The first response from the server should identify the new total length,
if it is available.  If the length will change, but the new size is
unknown, the server should indicate this.


Agreed, except we also need to support the case where the OPES server
does not know whether the length will change. For example, if the
server replaces "foo" with "blah" and "bleh" with "bar", it can tell
the final length (and whether it will change) only after seeing all
message content.

To make things more general and symmetric, I would make it possible
(but optional) to supply this non-normative length estimate with every
relevant message, in both directions.

There is some confusion about "destination" - the OPES server should
never change the destination (i.e., the endpoint), so I don't see why
it is needed.  In the redirection example, it would be sufficient to
change the headers, and the purpose of "destination" is a mystery to
me.


See above for motivation. The destination is needed because the OPES
processor needs to know where to connect to forward the request. It is
Bad Design to have OPES processor guess that information from
[possibly modified] message headers. This, again, assumes that we want
OPES server to be able to modify destination addresses. If we do not
want that, there is no need for OPES server to pass that info back to
processor, of course.

Note that source and destination information is meta-level information
that is often not completely available from HTTP headers. Take
interception and WCCP-controlled proxies for example. These
intermediaries often have to get destination address based on IP-level
details, not from HTTP headers. Similarly, the source information is
usually not available in the request headers but may be required to
route and modify the message.

Moreover, the protocol should make it possible to exchange other
meta-level information. For example, the time of the request may be
important ("no porn surfing before 6pm!").

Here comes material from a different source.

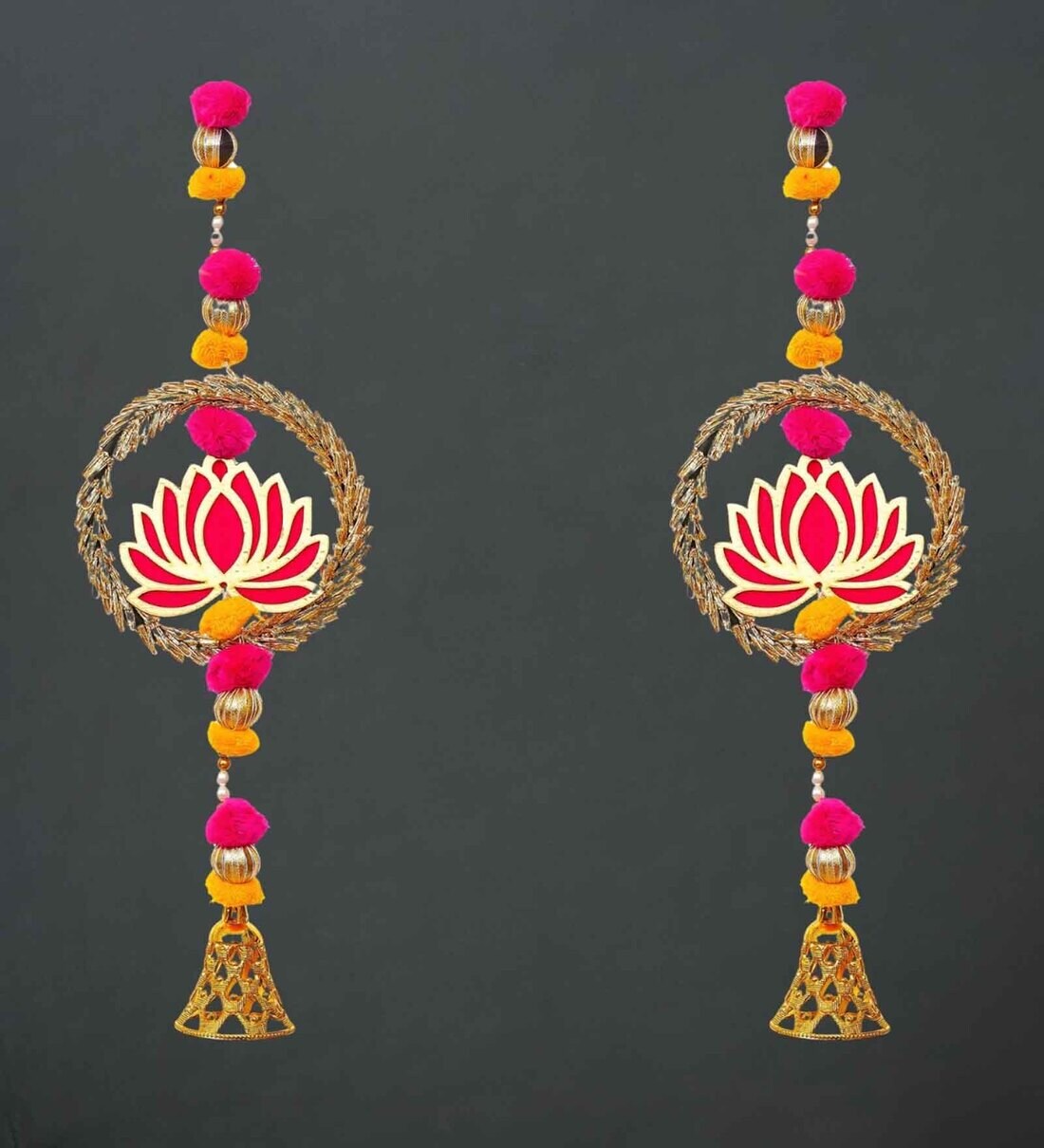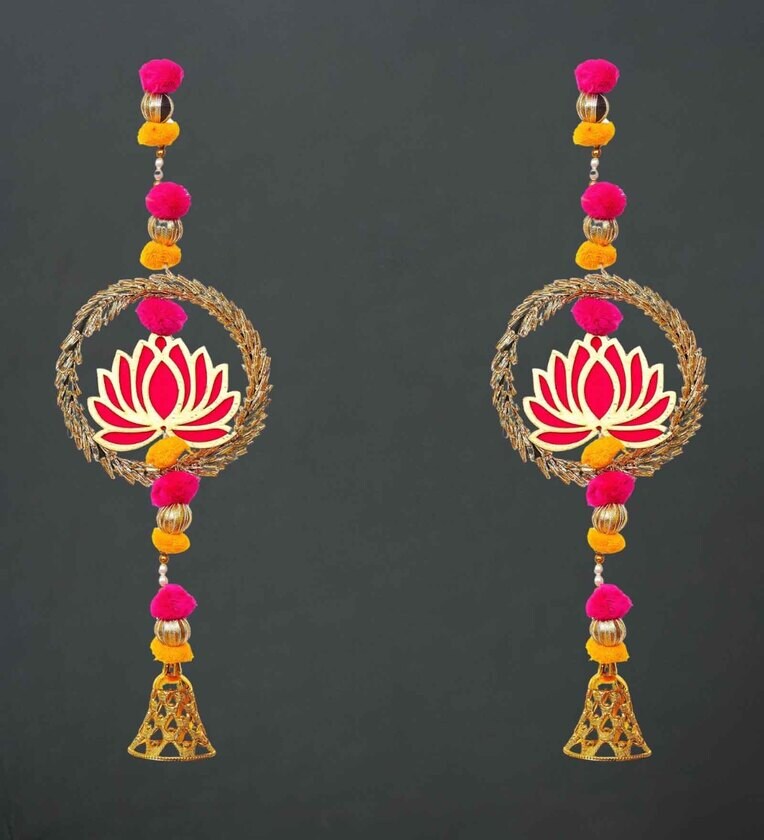 Pack of 2 Lotus in Golden Rings with Pom Pom, Bell Hangings Toran

The relationship between the application-layer framing, the bid and
offset, and the OPES framing is not clear from your examples.  The
application data may be transmitted to the OPES server a packet at a
time - this will mean a different bid on every data message, if you
literally mean that a bid is a buffer id.  Otherwise, it should have
some other name.


Yes, a terminology/naming problem: By "buffer" in Buffer ID you
probably mean "piece of memory that holds a data packet". I meant
"logical structure that holds all data associated with the application
connection/message".  That is, my-buffer may consist of many
your-buffers. Perhaps "buffer"  should be replaced with "connection"?
But "connection" is bad because OPES server does not really manage
application connections. "Message" seems too overloaded?
"Application message" (amid)? Will change bid to amid unless there are
better ideas.

This is just terminology though. "Bid/amid" is permanent for the
single application message (original or produced). This ID should be
used by processor and server to manage appropriate data structures
associated with the corresponding application connection.

Also, the information about a bid should include its total length.


Not sure why that would be needed. Moreover, the "total length" of the
connection buffers (which is what bid identifies) may change at any
time. OPES server should not care how buffering is done at the OPES
processor side and vice versa. Perhaps your suggestion is a result of
my poor choice of the word "buffer"? See above.

It should be possible to send the start and end messages on a
separate transport connection for handling errors or congestion.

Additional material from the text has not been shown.